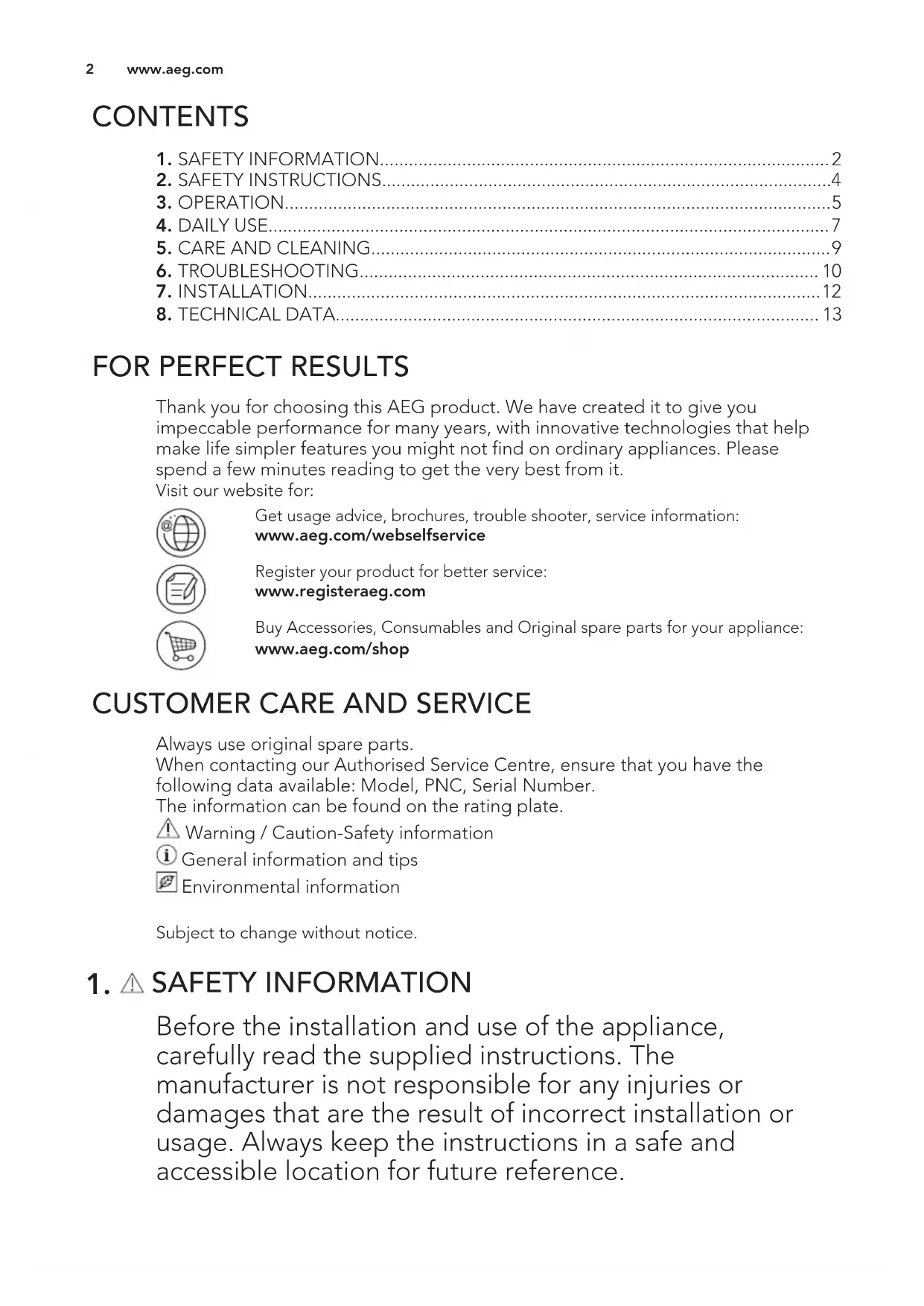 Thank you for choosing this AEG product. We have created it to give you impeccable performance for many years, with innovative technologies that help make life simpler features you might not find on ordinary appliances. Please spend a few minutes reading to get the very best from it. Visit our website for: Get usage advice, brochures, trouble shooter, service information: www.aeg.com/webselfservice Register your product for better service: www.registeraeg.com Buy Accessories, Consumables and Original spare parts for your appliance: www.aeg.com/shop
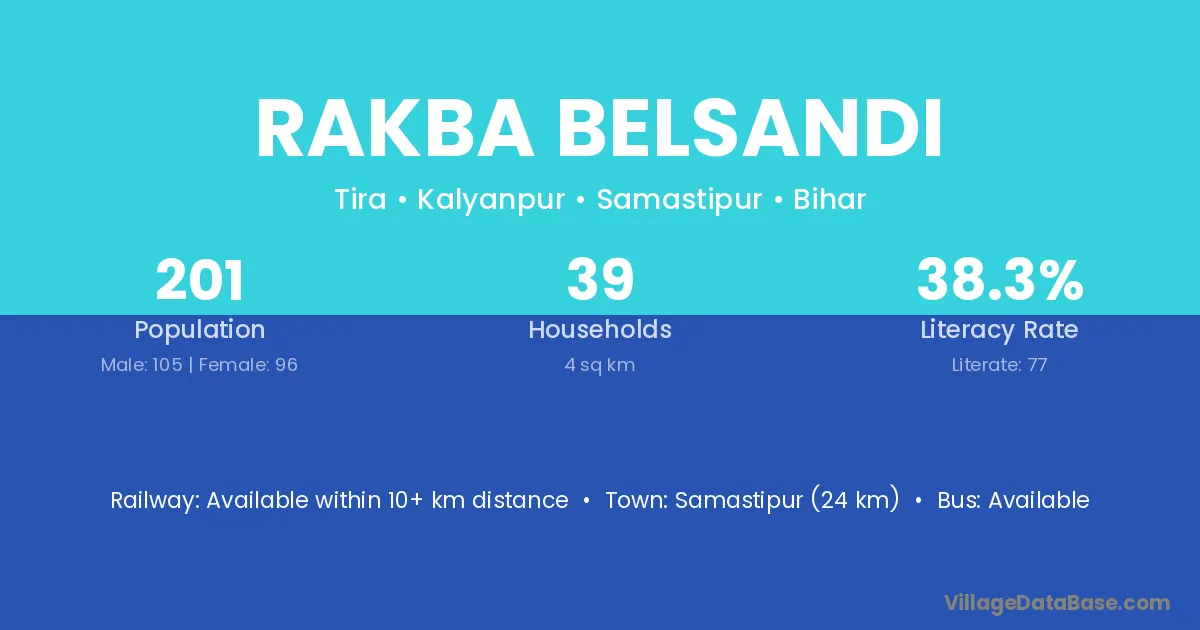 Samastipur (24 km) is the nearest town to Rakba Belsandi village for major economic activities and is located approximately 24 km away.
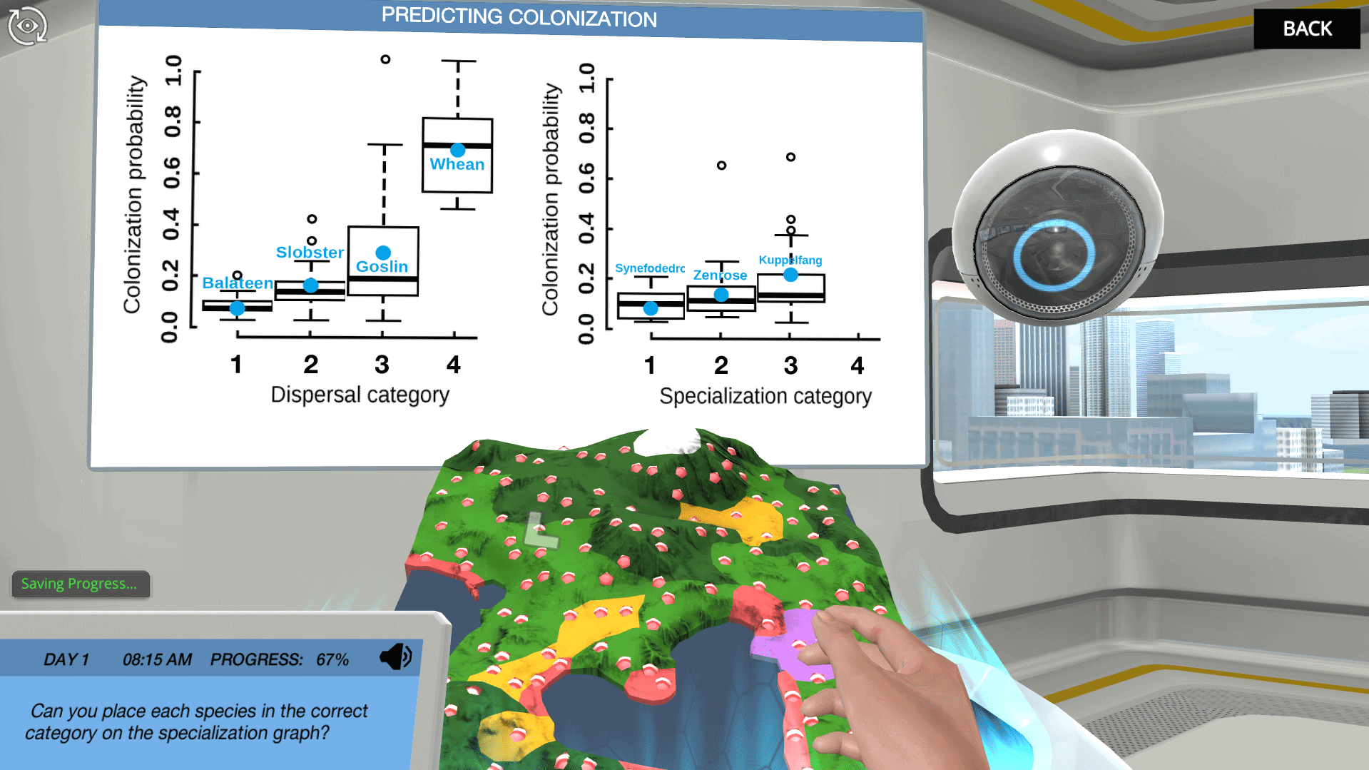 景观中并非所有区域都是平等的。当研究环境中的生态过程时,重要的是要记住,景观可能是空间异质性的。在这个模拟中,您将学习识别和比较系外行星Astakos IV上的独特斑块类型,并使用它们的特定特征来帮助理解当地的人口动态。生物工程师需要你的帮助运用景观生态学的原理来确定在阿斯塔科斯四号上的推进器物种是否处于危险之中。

::::::::

WHAT TO DO: Copy the material verbatim. The pictures are not part of the copy.

TASK ANSWER:
 Thank you for choosing this AEG product. We have created it to give you impeccable performance for many years, with innovative technologies that help make life simpler features you might not find on ordinary appliances. Please spend a few minutes reading to get the very best from it. Visit our website for: Get usage advice, brochures, trouble shooter, service information: www.aeg.com/webselfservice Register your product for better service: www.registeraeg.com Buy Accessories, Consumables and Original spare parts for your appliance: www.aeg.com/shop
 Samastipur (24 km) is the nearest town to Rakba Belsandi village for major economic activities and is located approximately 24 km away.
 景观中并非所有区域都是平等的。当研究环境中的生态过程时,重要的是要记住,景观可能是空间异质性的。在这个模拟中,您将学习识别和比较系外行星Astakos IV上的独特斑块类型,并使用它们的特定特征来帮助理解当地的人口动态。生物工程师需要你的帮助运用景观生态学的原理来确定在阿斯塔科斯四号上的推进器物种是否处于危险之中。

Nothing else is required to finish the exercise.